High binding affinity to the drug like molecule is a major feature of a “druggable target.” Drug Bank contains 6816 experimental and FDA-approved drugs, 4326 drug targets and 169 drug enzymes/carriers. The module estimates the degree of similarity by using the similarity search option BLASTp program (Mondal et al., 2015). Presence of targets acts as assign for their druggable property. In contrast, its absence designates the novelty of the target and therefore, categorized as “novel target” (Knox et al., 2011). From the selected 53 targets we have found 6 targets (Drug Target, Data Sheet S9) which showed the similarity with approved, investigational, and experimental drugs when the BLASTp search was done against DrugBank database with cut-off parameters (Table 6). We have observed that target EFS15406.1 showed the highest similarity with 15 drugs which could act as inhibitors (both approved and investigational). The docking energy also revealed that the interacting drugs have better binding affinity to their respective targets (Table 6). Therefore, out of 53 therapeutic targets, 47 could be considered as novel drug targets as the remaining 6 targets showed druggable properties.
Implications for Drug and Vaccine Development
The 53 targets identified through the current study for vaccine and drug design against S. flexneri will make inroad for the development of effective drug(s) and vaccine(s) (Figure 3). Among the 53 targets 43 were found as novel drug targets (Figure 3 and Table 6). The development of such therapeutics might be targeted based on their qualitative characteristics. S. flexneri specific unique metabolic pathway might be a target for drug development (Table 1). Drug and vaccine development might also consider cellular location of the targets: Bacterial surface appears to be important for the immunogenicity and surface proteins are more accessible for vaccination. Therefore, four (4) surface proteins NP_837438.1, EFS15865.1, EFS15439.1, and EFS11306.1 might be targeted for the vaccine design.
Figure 3. Prioritization of total therapeutic proteins (53). TTT, Total therapeutic targets; TVT, Total vaccine target; NDT, Novel drug targets; HP, Hypothetical proteins; UPP, Unique pathway proteins; OM, Outer membrane proteins; EC, Extracellular proteins; CP, Cytoplasmic proteins; TP, Transmembrane proteins; BS, Broadspectrum. Here, cytoplasmic proteins, 4 (NP_837679.1, NP_837676.1, NP_837443.1, NP_836675.1,) and Transmembrane proteins, 9 (NP_836827.2, NP_839521.1, NP_837444.1, NP_836948.1, AAP19547.1, EFS14933.1, EFS13325.1, EFS11623.1, EFS10693.1).

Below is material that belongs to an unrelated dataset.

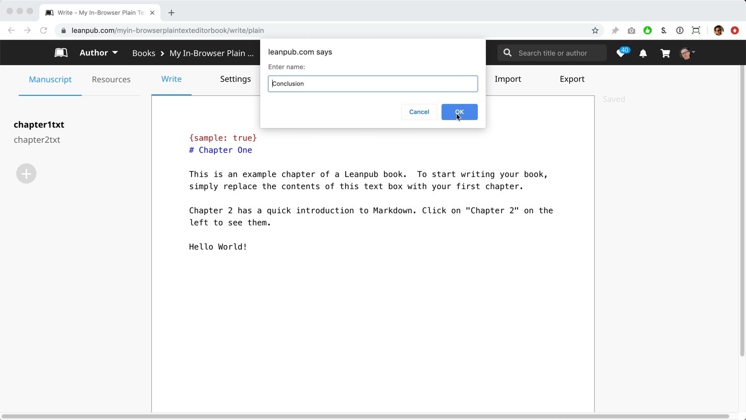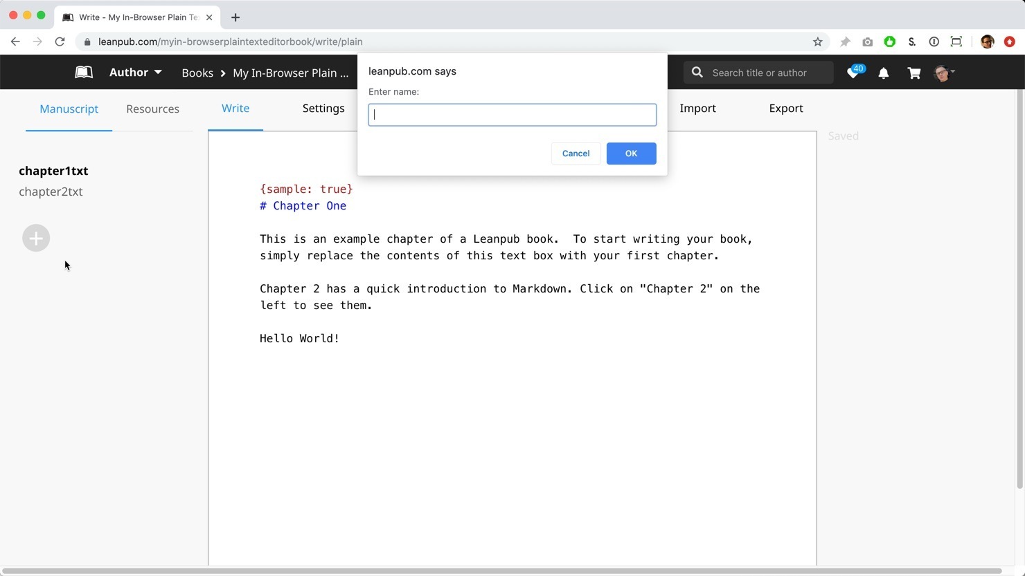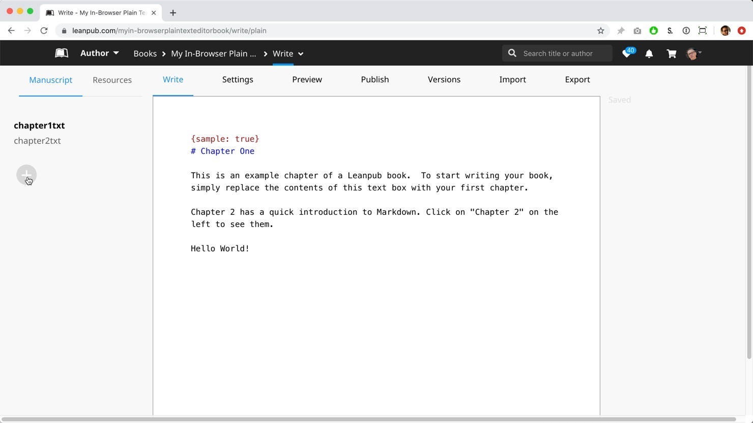 Creating a Book in In-Browser Plain Text Editor Writing Mode

However, after identification of this vaccine targets we have analyzed their probable antigen and allergenecity assessment. And we have found NP_837438.1 could be an ideal target for the epitope based peptide vaccine as it showed probable antigenecity and non-allergenecity (Supplementary Table, S4).

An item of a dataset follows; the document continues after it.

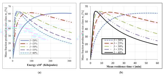 These results contrasted those of Austin et al. [] and Ozkan et al. [] which suggested that energy is most efficiently used at = 0.75 and J = 40% but in large-scale ball milling. This is on account of a widely held belief that as the mill draws maximum power, the rate of breakage also gets to the maximum. Motivated by that disparity, Metzger et al. [] performed experiments with the parameters of ball filling (J = 31.5%) and mill speed ( = 0.71) but the process was not optimised as expected; rather, a lower amount of the desired size was produced.

Membrane proteins are the gateways to the cell: many nutrients, ions, waste products, and even DNA and proteins enter and leave cells via proteins which are tightly controlled, maintaining the integrity of the cell. Drugs often target membrane proteins; therefore, understanding their molecular structure helps us design better drugs to cure diseases. We have found 14 targets identified through this analysis can be suitable for drug design (Table 2).
Besides, Membrane localized proteins are sometimes difficult to purify and assay (Duffield et al., 2010) and therefore, cytoplasmic proteins are more favorable as drug targets. We have found 35 targets which might be suitable for drug design (Table 2).
A promising drug target should have better physicochemical properties such as increased hydrophobicities, in vivo half-lives, propensity for being membrane bound and the stability of protein (Bull and Doig, 2015). Our analysis also revealed 14 targets (NP_836827.2, NP_839521.1, NP_837679.1, NP_837676.1, NP_837444.1, NP_837443.1, NP_836948.1, NP_836675.1, NP_835770.1, AAP19547.1, EFS14933.1, EFS13325.1, EFS11623.1, EFS10693.1) among the 49 suitable drug targets which showed protein stability, increased half -life propensity, greater hydrophobicity etc. (Supplementary Table, S5). We observed 13 targets as novel candidate where only NP_835770.1 target showed druggable (Figure 3).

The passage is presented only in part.